Triggering pathways associated with cycloxygenase and the ultimate synthesis of PGE2 is an important event that leads to the damage to the neurons . At low concentrations Pb induced the release of significant levels of PGE2 probably through cycloxygenase pathway. Further, pre-treatment of the SH-SY5Y cells with FXT has not elicit any significant changes in PGE2 levels. From the results of this study, it is clear that the different mechanisms like Pb induced oxidative stress with the decreasing GSH levels, inducing the caspase-3 activity and probably the activation of cycloxygenase by increasing the levels of PGE2. The results suggests that FXT can reverse the activated mechanisms and especially GSH related antioxidant effects of FXT could be regarded as a beneficial property of this as a neuroprotective drug.
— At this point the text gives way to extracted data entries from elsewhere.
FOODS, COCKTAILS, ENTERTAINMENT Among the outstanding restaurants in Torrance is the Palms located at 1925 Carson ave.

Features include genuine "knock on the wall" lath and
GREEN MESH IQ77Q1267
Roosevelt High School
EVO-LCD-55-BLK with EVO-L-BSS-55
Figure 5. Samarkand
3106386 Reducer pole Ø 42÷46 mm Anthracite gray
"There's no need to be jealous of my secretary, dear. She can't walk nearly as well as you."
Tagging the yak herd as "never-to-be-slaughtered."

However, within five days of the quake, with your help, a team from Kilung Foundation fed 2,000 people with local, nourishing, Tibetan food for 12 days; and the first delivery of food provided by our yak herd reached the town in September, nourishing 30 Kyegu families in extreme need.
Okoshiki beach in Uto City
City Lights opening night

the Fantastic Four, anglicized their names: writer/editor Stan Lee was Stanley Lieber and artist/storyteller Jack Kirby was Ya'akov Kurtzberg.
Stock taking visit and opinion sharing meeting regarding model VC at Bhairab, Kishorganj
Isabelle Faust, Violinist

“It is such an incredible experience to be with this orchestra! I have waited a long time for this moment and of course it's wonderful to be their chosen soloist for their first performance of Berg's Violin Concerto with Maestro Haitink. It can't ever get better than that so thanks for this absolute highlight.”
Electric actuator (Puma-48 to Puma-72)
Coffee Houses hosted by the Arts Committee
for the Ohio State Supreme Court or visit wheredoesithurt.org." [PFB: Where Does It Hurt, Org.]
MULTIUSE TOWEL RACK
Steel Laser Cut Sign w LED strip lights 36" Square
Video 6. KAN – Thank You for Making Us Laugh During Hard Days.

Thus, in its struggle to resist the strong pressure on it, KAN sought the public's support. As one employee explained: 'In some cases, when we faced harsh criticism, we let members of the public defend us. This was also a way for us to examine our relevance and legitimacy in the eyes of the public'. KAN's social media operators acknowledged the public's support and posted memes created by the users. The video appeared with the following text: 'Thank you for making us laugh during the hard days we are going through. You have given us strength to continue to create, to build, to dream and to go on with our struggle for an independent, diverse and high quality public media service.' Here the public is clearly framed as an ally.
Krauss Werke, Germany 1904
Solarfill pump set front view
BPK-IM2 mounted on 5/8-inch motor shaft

In conclusion, fraxetin can reduce the Pb induced neuronal loss involving GSH, Caspase-3 and PGE2 mechanisms.
Pb exposure has resulted in the development of oxidative stress, apoptosis and inflammation. These effects could be deleterious to the brain cells in developing neurotoxicity. Fraxetin exposure has protected the cells from the damage and can effective against the lead induced neurotoxicity.
This research work was supported by ICMR Grant NO.58/57/2012-BMS.